We went to
celebrate New Year’s Eve at Burke’s house last evening, at least for a little
bit. He and his wife have five grown children, and four were in attendance with
various significant others, as well as several friends and their families. It
was a far cry from the quiet evenings Ian and I have been spending here in
Hogan House (we’re trying to train ourselves to use the actual name of our
guest house), but it was a beautiful home (naturally, as it was built by
Burke), and the greatroom was perfectly designed to host large numbers of
people. New Year’s Eve dinner is traditionally make-your-own pizzas, with
crusts and sauce and various other toppings supplied. We brought some pineapple
and Point Reyes blue cheese and salami, and our pizzas were delicious. We
weren’t entirely in the dark about who the other party attendees were, because
there were at least four men there whom we’ve met working on our house
(including the one who installed our first Orcas Christmas tree).
One of the
builders, introduced to us last summer as a finish carpenter who was slumming
it as a framer (albeit a framer using a laser level to make sure our stud walls
are square), came by with a young girl, to chat with Ian and me where we were
sitting enjoying our pizzas. I had noticed her just before, and idly supposed
she looked related to Robert, and then there they were. “Calin,” said Robert,
“when Burke and I were in high school together there was a girl named Calin.
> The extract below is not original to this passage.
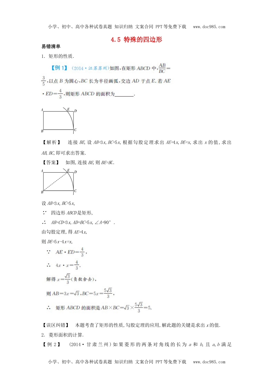 小学、初中、高中各种试卷真题知识归纳文案合同PPT等免费下载www.doc985.com4.5特殊的四边形易错清单1.矩形的性质.【解析】连接BE,设AB=3x,BC=5x,根据勾股定理求出AE=4x,DE=x,求出x的值,求出AB,BC,即可求出答案.【答案】如图,连接BE,则BE=BC.设AB=3x,BC=5x, 四边形ABCD是矩形,∴AB=CD=3x,AD=BC=5x,∠A=90°.由勾股定理,得AE=4x,则DE=5x-4x=x,【误区纠错】本题考查了矩形的性质,勾股定理的应用,解此题的关键是求出x的值.2.菱形面积的计算.【例2】(2014·甘肃兰州)如果菱形的两条对角线的长为a和b,且a,b满足小学、初中、高中各种试卷真题知识归纳文案合同PPT等免费下载www.doc985.com小学、初中、高中各种试卷真题知识归纳文案合同PPT等免费下载www.doc985.com那么菱形的面积等于.【解析】根据非负数的性质列式求出a,b,再根据菱形的面积等于对角线乘积的一半列式计算即可得解.【答案】由题意,得a-1=0,b-4=0,解得a=1,b=4, 菱形的两条对角线的长为a和b,∴菱形的面积【误区纠错】本题考查了非负数的性质,菱形的性质,主要利用了菱形的面积等于对角线乘积的一半.3.正方形的性质.【例3】(2014·广东梅州)如图,在正方形ABCD中,E是AB上一点,F是AD延长线上一点,且DF=BE.(1)求证:CE=CF;(2)若点G在AD上,且∠GCE=45°,则GE=BE+GD成立吗?为什么?【解析】(1)由DF=BE,四边形ABCD为正方形可证△CEB≌△CFD,从而证出CE=CF.(2)由(1)得,CE=CF,∠BCE+∠ECD=∠DCF+∠ECD即∠ECF=∠BCD=90°.又∠GCE=45°,所以可得∠GCE=∠GCF,故可证得△ECG≌△FCG,即EG=FG=GD+DF.又因为DF=BE,所以可证出GE=BE+GD成立.【答案】(1)在正方形ABCD中, BC=CD,∠B=∠CDF,BE=DF,∴△CBE≌△CDF(SAS).∴CE=CF.(2)GE=BE+GD成立.理由如下: 由(1),得△CBE≌△CDF,∴∠BCE=∠DCF.∴∠BCE+∠ECD=∠DCF+∠ECD,即∠ECF=∠BCD=90°,又∠GCE=45°,小学、初中、高中各种试卷真题知识归纳文案合同PPT等免费下载www.doc985.com小学、初中、高中各种试卷真题知识归纳文案合同PPT等免费下载www.doc985.com∴∠GCF=∠GCE=45°. CE=CF,∠GCE=∠GCF,GC=GC,∴△ECG≌△FCG(SAS).∴GE=GF.∴GE=DF+GD=BE+GD.【误区纠错】本题主要考查证两条线段相等往往转化为证明这两条线段所在三角形全等的思想,在第二问中也是考查了通过全等找出和GE相等的线段,从而证出关系是不是成立.名师点拨重点:特殊平行四边形的性质和判定的应用.难点:以特殊平行四边形为对象,进行图形变换(如旋转、翻折等),以及将图形问题与函数、方程综合应用的问题.提分策略1.在特殊平行四边形的背景中,探究与三角形相关的问题.以特殊平行四边形为原型,通过图形变换,构造出特殊三角形,提出与三角形相关的问题,解决此类问题的关键是适时添加辅助线,将四边形的问题转化为三角形的问题.【例1】如图,将矩形ABCD的四个角向内折起,恰好拼成一个无缝隙无重叠的四边形EFGH,EH=12厘米,EF=16厘米,则边AD的长是().A.12厘米B.16厘米C.20厘米D.28厘米【解析】本题考查的是翻折变换及勾股定理、全等三角形的判定与性质,解答此题的关键是作出辅助线,构造出全等三角形,再根据直角三角形及全等三角形的性质解答.我们先求出△EFH是直角三角形,再根据勾股定理求出FH=20,再利用全等三角形的性质解答即可.【答案】设斜线上两个点分别为P,Q,如图. 点P是点A对折过去的,小学、初中、高中各种试卷真题知识归纳文案合同PPT等免费下载www.doc985.com小学、初中、高中各种试卷真题知识归纳文案合同PPT等免费下载www.doc985.com∴∠EPH为直角,△AEH≌△PEH.∴∠HEA=∠HEP.同理∠PEF=∠BEF.∴∠PEH+∠PEF=90°.∴四边形EFGH是矩形.∴△DHG≌△BFE,△HEF是直角三角形.∴BF=DH=PF. AH=HP,∴AD=HF. EH=12cm,EF=16cm,∴FH===20(cm).∴FH=AD=20cm.故选C.2.以三角形为基本图形,通过图形变换构造四边形问题.以三角形为起点,经历图形变换形成较为复杂的图形,提出与四边形相关的问题,解决此类问题的关键是明确四边形的形成过程,从而根据四边形的边、角及对角线的特性去判定四边形的形状.【例2】如图,已知△ABC,按如下步骤作图:①分别以A,C为圆心,以大于AC的长为半径在AC两边作弧,交于两点M,N;②连接MN,分别交AB,AC于点D,O;③...

And this is Cailin,” he said, indicating his daughter. “Calin, Cailin.”
“Do you
spell your name C A L I N?” I asked. No, C A I L I N.
“Do you get
called ‘Caitlin’ a lot?” asked Ian. Yes, of course, she does. We laughed about
some of the things I get called, and how it’s easy to know that junk mail isn’t
for me when it’s addressed to Calvin or Colin, but behind the scenes, my brain
was doing a rapid-fire calculation. If Burke and Robert were in high school
together, and Burke is a little younger than my parents, and Calin is a pretty
darn uncommon name . . . “What was her last name?” I asked Robert.
“Marr,”
said Robert.
I burst out
laughing—the delighted, incredulous laughter that I’ve come to associate with
the serendipity of this island for me.
“I was named for her,” I said. “She was my mother’s student when my mom
was pregnant with me.”
“But she
wasn’t from Bellevue,” said Robert. “She moved from Renton.”
“Yes,
exactly,” I replied, “my mother taught her in Renton.”
The story
I’ve heard my whole life is that my mother had wanted to name me Angela, but my
father was not going to truck with any angel
for my name. “Let’s name her Calin,” he said. “I like that name!”
“But I
don’t like that girl!” was Mom’s reply.
So there
you go. Yet another absurdly awesome—and kind of stunning—coincidence; yet another tie with Orcas and our blossoming
lives here—this one connecting me back to when I was just a gleam in my
father’s eye (and a great, distended burden in my mother’s belly).
I feel like
I caught a glimpse, this New Year’s Eve, of a network of forces at play above
and beyond our ken. A pinprick image, if you will, of the Interconnectedness of
All Things; or at least All Things Calin.